2019-10-14 08:13
Ended up watching Hiroshi Shimizu's The Masseurs and a Woman from 1938. I've had the Criterion Eclipse set Travels with Hiroshi Shimizu yet never got around to watching all the movies in it. This is a rather short (66 minutes) film that takes place at a mountain resort. Two blind masseurs show up for the season and one of them falls in a love with a woman from Tokyo. Lots of tracking shots, which apparently was a Shimizu tradmark. The film starts with a series of long tracking shots in front of the two masseurs as they walk along the road. Shimizu also uses a lot of long take long shots, where you watch people walking or moving about from a distance, like a long scene where the masseur and the woman are standing on a small bridge over some water. They are both in the background, and then, the woman gets up and walks along the bridge. The bridge turns towards the camera at the right of frame, and thus the woman walks into the foreground of the frame.
An enjoyable simple film. It dangled a number of plotlines, and then left most of them unresolved as the characters leaved the resort, but it didn't feel incomplete, as it fit the setting of a place people travel to away from home for short periods. They have some brief moments with new acquaintances, but then their real lives reassert themselves.
Yesterday I also started the "Discovery Tour" mode of Assassin's Creed Odysssey. Basically, it removes all the enemies and quests from the game and you run around taking tours and learning about locations and Ancient Greek history and myth.
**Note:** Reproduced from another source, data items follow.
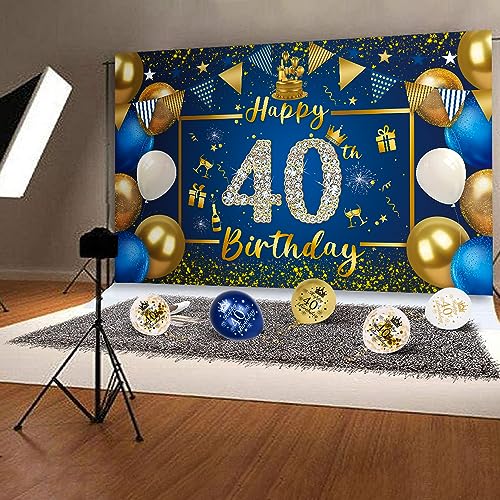 Decorazioni 40 anni Compleanno per Uomo, VICTERR Blu Oro Palloncini 40 anni Dcorazioni, 40 anni Bianca Oro Feste Compleanno Striscione Sfondo Palloncini Kit
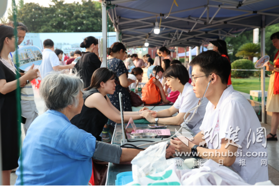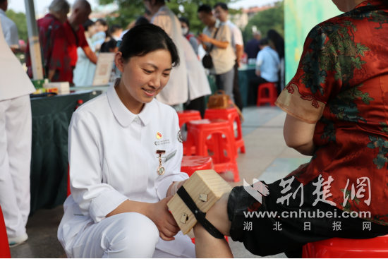 在醫療義診區域,市民朋友們早早排起長龍,荊門市中醫醫院專家團隊為市民提供體質監測、健康咨詢、非遺療法體驗等多元服務,讓千年醫理走進百姓日常。
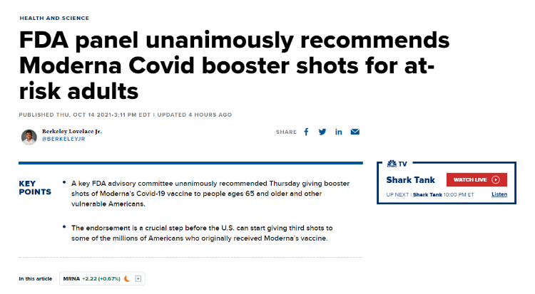 当地时间10月14日,美国食品和药品监督管理局(FDA)疫苗和相关生物制品咨询委员会 (VRBPAC)以19票同意、0票反对的投票结果,建议FDA授权向美国所有65岁以上人群,以及18至64岁的高风险人群使用莫德纳新冠疫苗加强针。
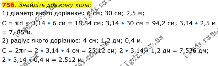 Знайдіть довжину кола: 1) діаметр якого дорівнює: 6 см; 30 см; 2,5 м; С = d = 3,14 • 6 см = 18,84 см; 3,14 • 30 см = 94,2 см; 3,14 • 2,5 м = 7, 85 м. 2) радіус якого дорівнює: 4 см; 1,2 дм; 0,4 м. С = 2r = 2 • 3,14 • 4 см = 25,12 см; 2 • 3,14 • 1,2 дм = 7,536 дм; 2 • 3,14 • 0,4 м = 2,512 м.
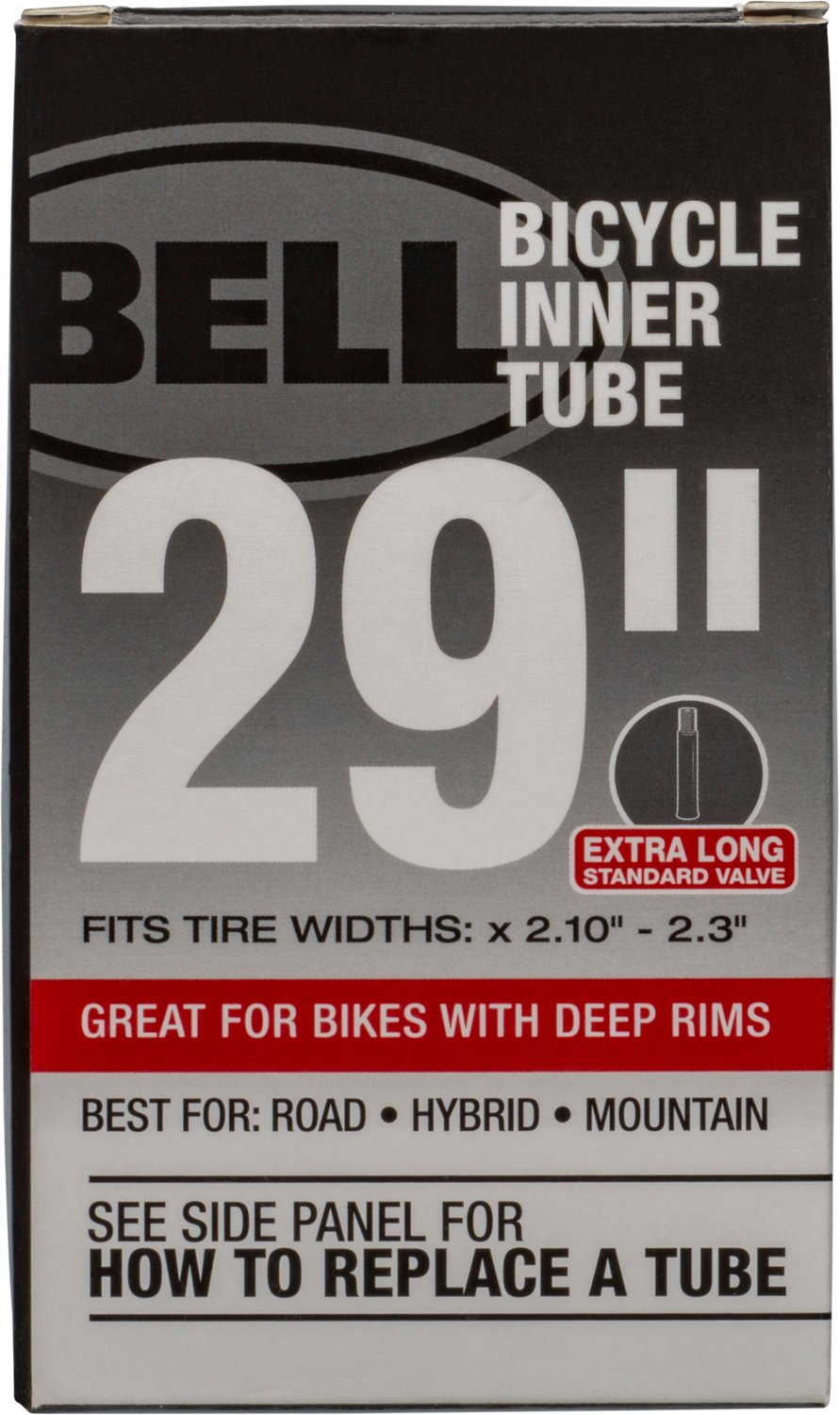 The Bell high-quality standard inner tubes are constructed of mold-cured rubber for a consistent side-wall, which prevents high-pressure blow-outs. Available in a full range of major tube sizes. Valve type & length: Schrader; 60mm with cap. High quality, reliably tested inner tube. This tube works great for Road and Mountain bike tires. Fits tires 29"x2.10-2.25".
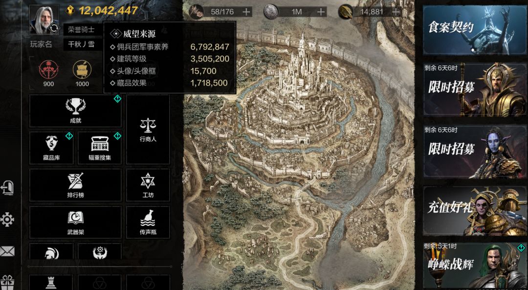 提升佣兵实力的重要资源有:等级,铭文,武器,升华,聚念,军备
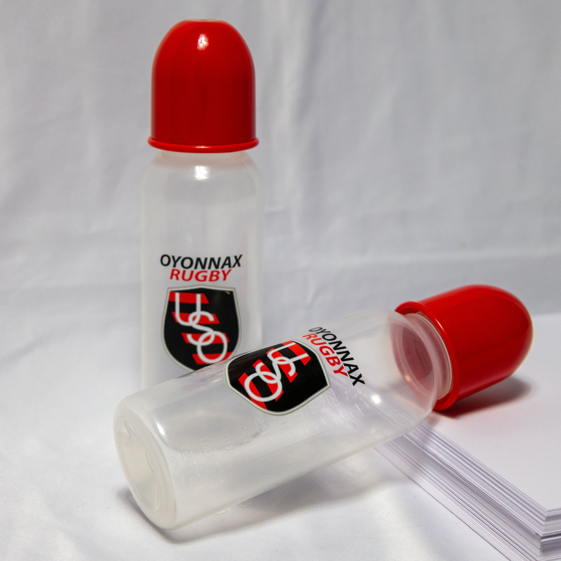 Biberon Oyonnax Rugby, idéal pour les nouveaux nés déjà supporters du club ! Vendu à l'unité.
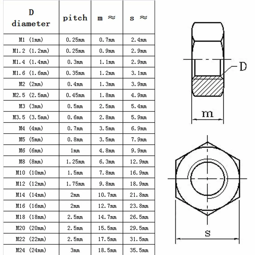 Шестигранная гайка из нержавеющей стали, 1100 шт., M1, M1.2, M1.4, M1.6, M2, M2.5, M3, M3.5, M4, M5, M6, M8, M10, M12, M14, M16, M18, M20, M22M24, DIN934, 304
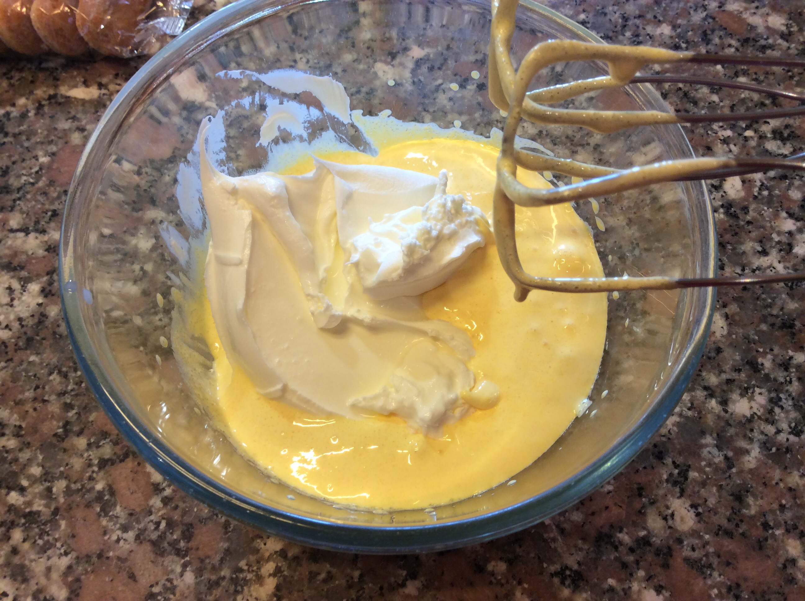 Li monto con le fruste elettriche finchè sono gonfi e spumosi quindi aggiungo il mascarpone continuando a montare

The various tours take you through guided paths to different monuments/locations and then at each one you get a little cut scene with narration about the location and then some text you can read for more information. It's a pretty cool idea. The developers did it for the previous game in the series, but I never got around to trying it.
That also reminds me I never finished writing about Code Vein. I finished the game last week at some point. Based on what I'm seeing online I got the "medium" ending, mostly because early on there was an aspect I didn't totally understand and thus didn't do 1 thing I was supposed to to get the "good" ending. The ending was actually rather underwhelming, and after all the build-up of NPC stories via interactive memoirs, it feels like I never got any story for my actual character. Maybe I missed something, but I don't think I ever discovered what made my character have these special abilities.
Overall, I enjoyed the game. It was a really successful variation on the Dark Souls style in a way that was tons more enjoyable for the simple fact that I did not struggle with every single boss, and actually did get to the end without just wanting to quit (I never did finish Dark Souls 3).